Despite the recent launch of the first Amazon Go cashless grocery store, many consumers continue to pay for groceries in cash.
In fact, cash transactions make up 26% of overall transactions in the U.S.
Traditional manual cash management can be labor intensive and costly. These costs stem from error, inefficiency, and theft in legacy cash management practices.
But by automating cash management, cash can be accepted and managed cost-effectively.
Despite its hype, is “cashless” really the right solution for both the grocer and the consumer?
On the surface, cashless sounds great. But it can come as a significant detriment to the grocery industry’s relationship with consumers.
Lack of consumer confidence means costly business – especially with 26% of transactions completed with cash.
Offering preference of pay, including the option to pay with cash, is an asset to the grocery/consumer relationship.
Automating cash operations via cash recycling, cloud-based reconciliation, and provisional credit creates value for both grocers and consumers.

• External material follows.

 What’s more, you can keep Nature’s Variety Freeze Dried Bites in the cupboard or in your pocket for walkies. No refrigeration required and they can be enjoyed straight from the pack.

By automating cash handling processes, grocers can easily accept cash from consumers and streamline operations while dramatically reducing the cost associated with managing cash.
With automated back office operations, like automated cash management, grocers gain from less cash on hand, virtually no cash counting, daily credit to the bank, reduction of courier fees, and complete reconciliation with the POS.

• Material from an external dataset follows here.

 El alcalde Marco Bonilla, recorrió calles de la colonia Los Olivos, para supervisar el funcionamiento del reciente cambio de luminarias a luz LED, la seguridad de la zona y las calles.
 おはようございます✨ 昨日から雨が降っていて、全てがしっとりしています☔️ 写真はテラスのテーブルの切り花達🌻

Additionally, time-consuming bookwork related to manual cash reconciliation can be completely automated. Shrink also decreases with cash recycling hardware and automated reconciliation as cash accountability increases.
By allowing consumers to pay with cash, grocers connect with a wider consumer base because doing so expands consumer payment options.
As a result, cash’s value to consumers creates value for grocers. Cash automation propels this shared value and reduces cash management costs to increase profits.